Your task >> Copy every record verbatim. Leave the pictures out.

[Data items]
========================

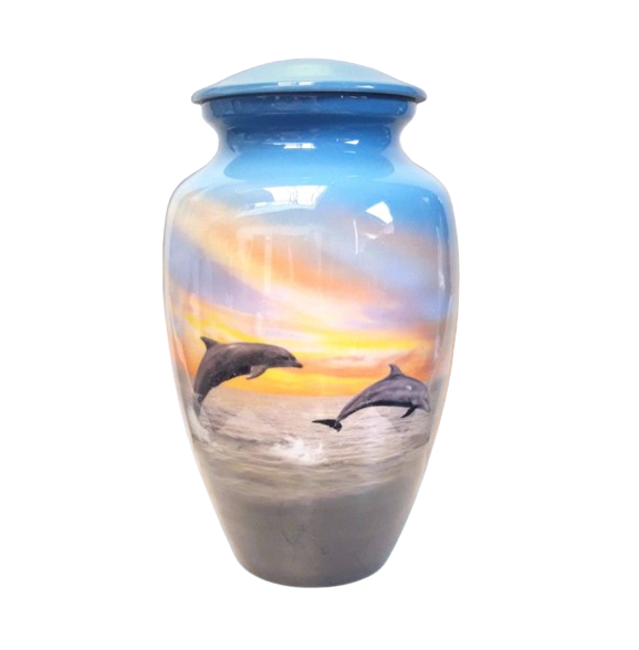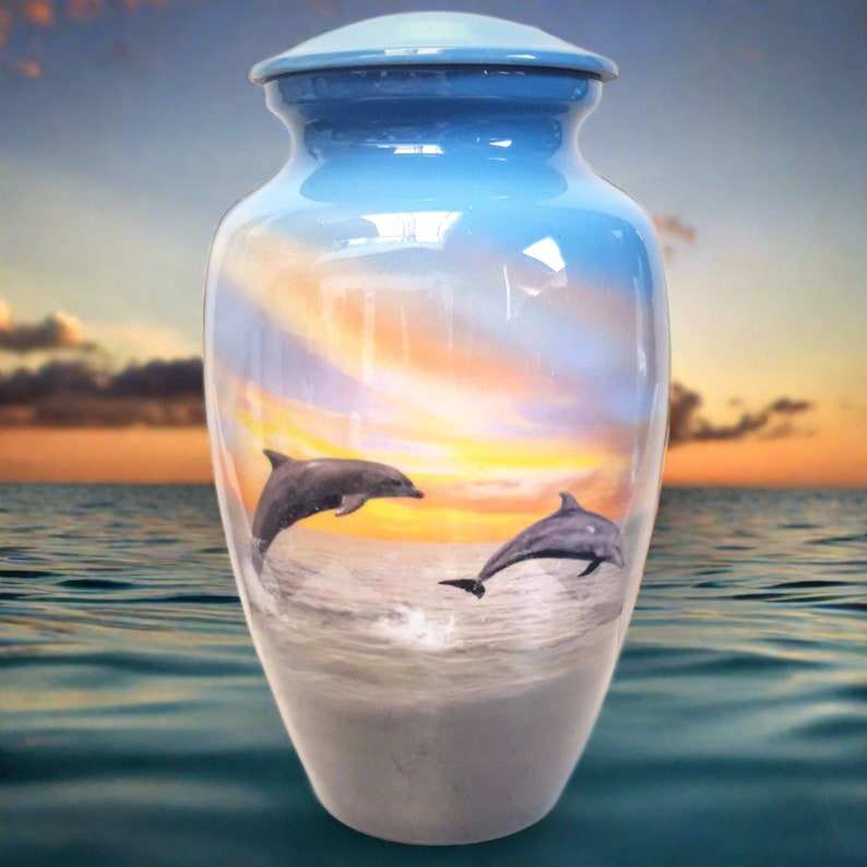 โกศบรรจุอัฐิสำหรับผู้ใหญ่ ลายปลาโลมาขี้เล่น แนวชายหาดและมหาสมุทร โกศอะลูมิเนียมสำหรับงานศพ
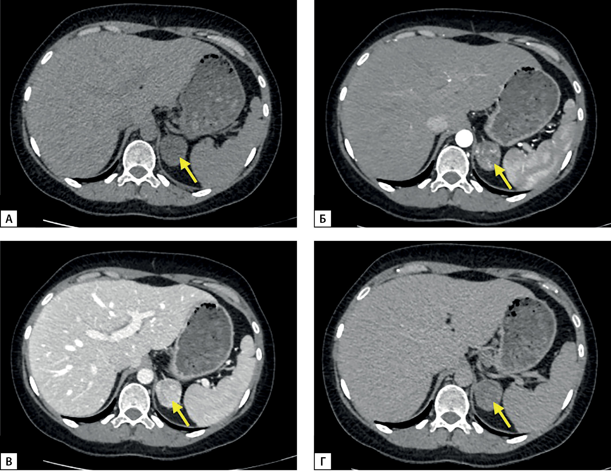 Рисунок 1. МСКТ надпочечников: А — нативная фаза; Б — артериальная фаза; В — венозная фаза; Г — отсроченная фаза.
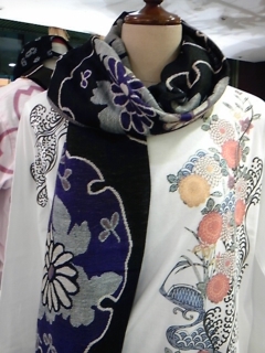 菊と雪輪柄ジャガードのストール。
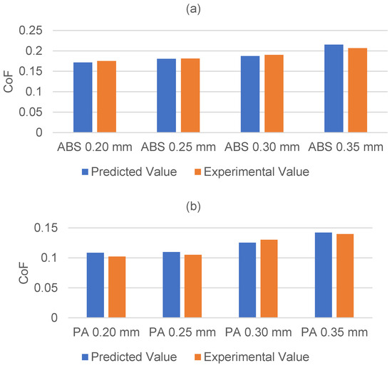 Validation experiment CoF results for (a) ABS, and (b) PA.
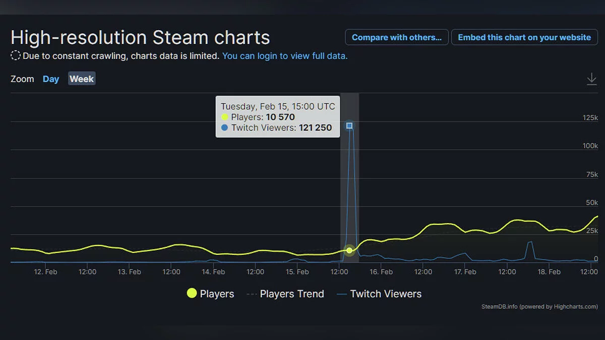 По графикам также можно понять, насколько сильно игроки ждали патча. Видите этот шпиль 15 февраля? Это количество людей, смотревших Cyberpunk 2077 на Twitch в день презентации апдейта.
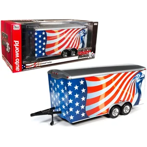 This 1/18 scale model car trailer features stunning American Flag graphics and is part of the "American Muscle 30th Anniversary" collection by Autoworld. Perfect for enthusiasts, this model replicates a classic enclosed trailer design tailored for scale model cars.
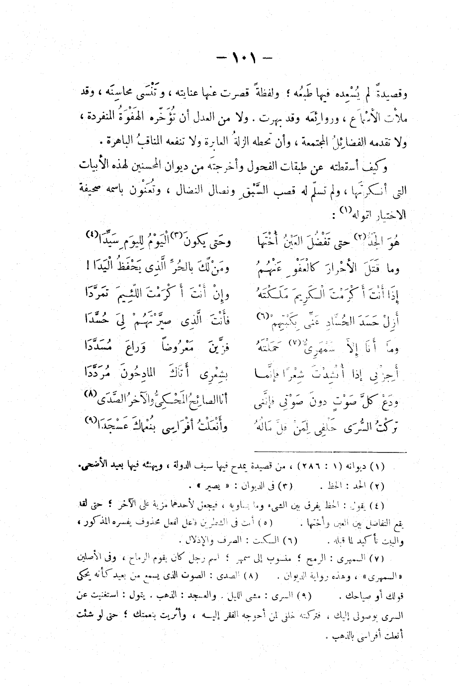وقصيدةً لم يُسعِده فيها طبعُه؛ ولفظةً قصرت عنها عنايته، وتنسى محاسنَه، وقد ملأت الأسْماع، وروائعه وقد بهرت. ولا من العدل أن تؤخره الهفوةُ المنفردة، ولا تقدمه الفضائل المجتمعة، وأن تحطه الزلةُ العابرة، ولا تنفعه المناقبُ الباهرة.
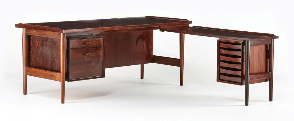 Bureau double face et son retour d’angle formant buffet de rangement, palissandre, édition Sibast, circa 1960, 72 x 178 x 79 cm 1000/1500
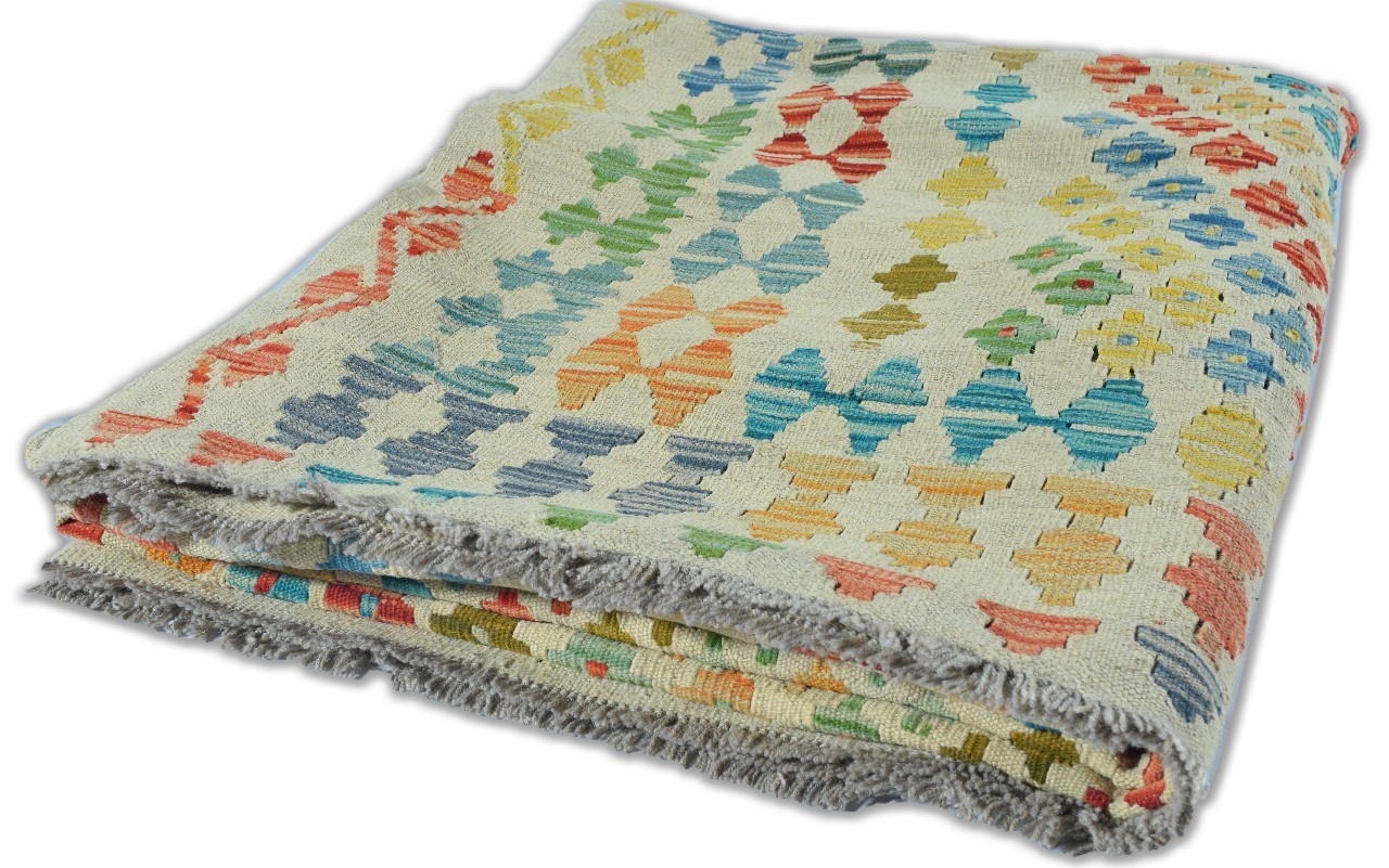 Hand Woven colorful Kilims uses vegitable dyes and handspun wool. Morrocan style pattern makes them a great option when you need a little character.
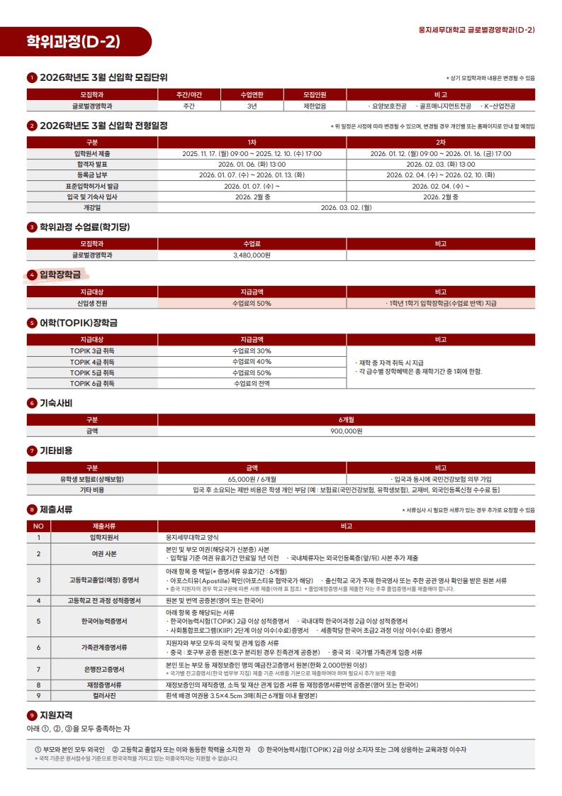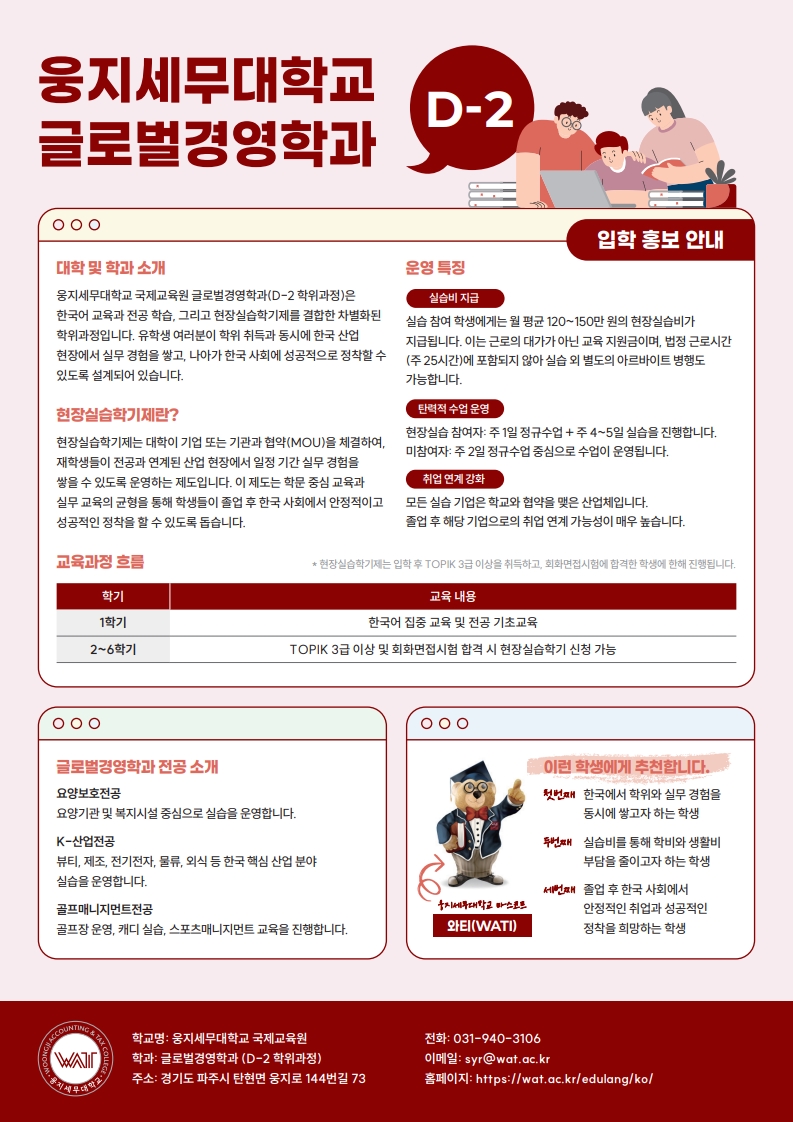 웅지세무대학교 글로벌경영학과(순수 외국인 전담 학과) 신입생 모집안내

========================

Task response >>
 โกศบรรจุอัฐิสำหรับผู้ใหญ่ ลายปลาโลมาขี้เล่น แนวชายหาดและมหาสมุทร โกศอะลูมิเนียมสำหรับงานศพ
 Рисунок 1. МСКТ надпочечников: А — нативная фаза; Б — артериальная фаза; В — венозная фаза; Г — отсроченная фаза.
 菊と雪輪柄ジャガードのストール。
 Validation experiment CoF results for (a) ABS, and (b) PA.
 По графикам также можно понять, насколько сильно игроки ждали патча. Видите этот шпиль 15 февраля? Это количество людей, смотревших Cyberpunk 2077 на Twitch в день презентации апдейта.
 This 1/18 scale model car trailer features stunning American Flag graphics and is part of the "American Muscle 30th Anniversary" collection by Autoworld. Perfect for enthusiasts, this model replicates a classic enclosed trailer design tailored for scale model cars.
وقصيدةً لم يُسعِده فيها طبعُه؛ ولفظةً قصرت عنها عنايته، وتنسى محاسنَه، وقد ملأت الأسْماع، وروائعه وقد بهرت. ولا من العدل أن تؤخره الهفوةُ المنفردة، ولا تقدمه الفضائل المجتمعة، وأن تحطه الزلةُ العابرة، ولا تنفعه المناقبُ الباهرة.
 Bureau double face et son retour d’angle formant buffet de rangement, palissandre, édition Sibast, circa 1960, 72 x 178 x 79 cm 1000/1500
 Hand Woven colorful Kilims uses vegitable dyes and handspun wool. Morrocan style pattern makes them a great option when you need a little character.
 웅지세무대학교 글로벌경영학과(순수 외국인 전담 학과) 신입생 모집안내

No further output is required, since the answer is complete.